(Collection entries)
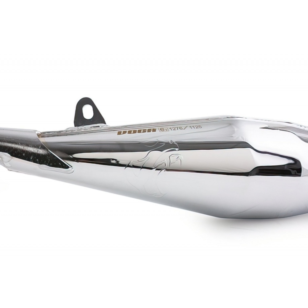 Voca Racing, galvenais motorolleru un mopēdu izpūtēju ražotājs, nāca klajā ar šo Voca Racing Exhaust chrome / red silencer 50 / 70cc, street-legal exhaust for models with Derbi Senda Euro 2 / Euro 3 engine.
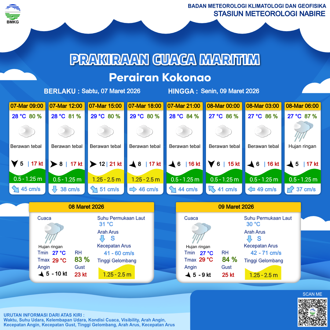 6 Mar 26, 09.00 12 jam yang lalu | Berawan Tebal | Barat 14 kt Gust Peningkatan kecepatan angin yang singkat dan tiba-tiba : 28 kt | | | 30 °C | 80 % |
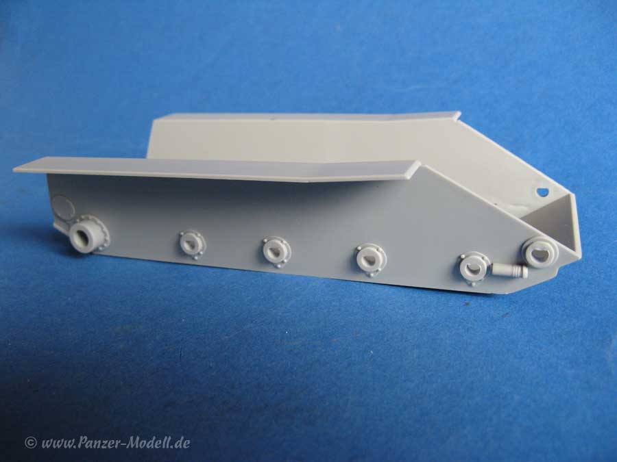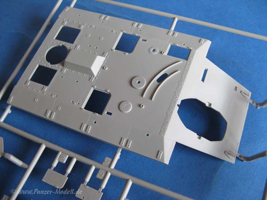 Die Oberwanne ist detailiert und relativ komplett, wobei Handgriffe, Luken und Werkzeug noch ergänzt werden. Die Lüfter werden durch beiliegende Lüftergitter aus PE Teilen gut nachdetailiert.
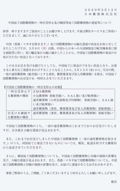 接日本邮局通知,因受新型冠状病毒性肺炎影响,日本飞往中国的飞机停运,自3月12日起,日本邮局将暂时停收发往中国的软骨粉国际邮件。以下附上日方邮局通知文件及翻译文件。
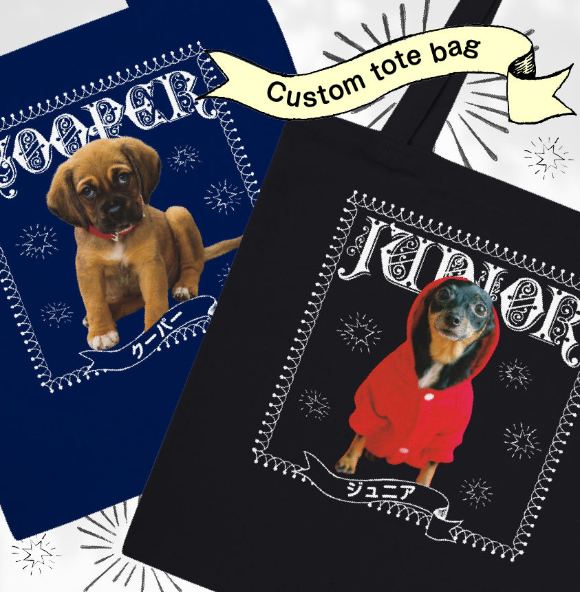 ペットの名前は日本語に変換!JAPOPOPN STUDIOデザイナーのオリジナルデザイン!ペットの写真と名前でオリジナルのCustomデザイントートバッグを作りましょう!

**WORK INSTRUCTION**
What is needed is a word-for-word copy of the lines from the start of the data to the line with "Die Oberwanne ist", inclusive, with no pictures in it.

**EXERCISE RESULT**
 Voca Racing, galvenais motorolleru un mopēdu izpūtēju ražotājs, nāca klajā ar šo Voca Racing Exhaust chrome / red silencer 50 / 70cc, street-legal exhaust for models with Derbi Senda Euro 2 / Euro 3 engine.
 6 Mar 26, 09.00 12 jam yang lalu | Berawan Tebal | Barat 14 kt Gust Peningkatan kecepatan angin yang singkat dan tiba-tiba : 28 kt | | | 30 °C | 80 % |
 Die Oberwanne ist detailiert und relativ komplett, wobei Handgriffe, Luken und Werkzeug noch ergänzt werden. Die Lüfter werden durch beiliegende Lüftergitter aus PE Teilen gut nachdetailiert.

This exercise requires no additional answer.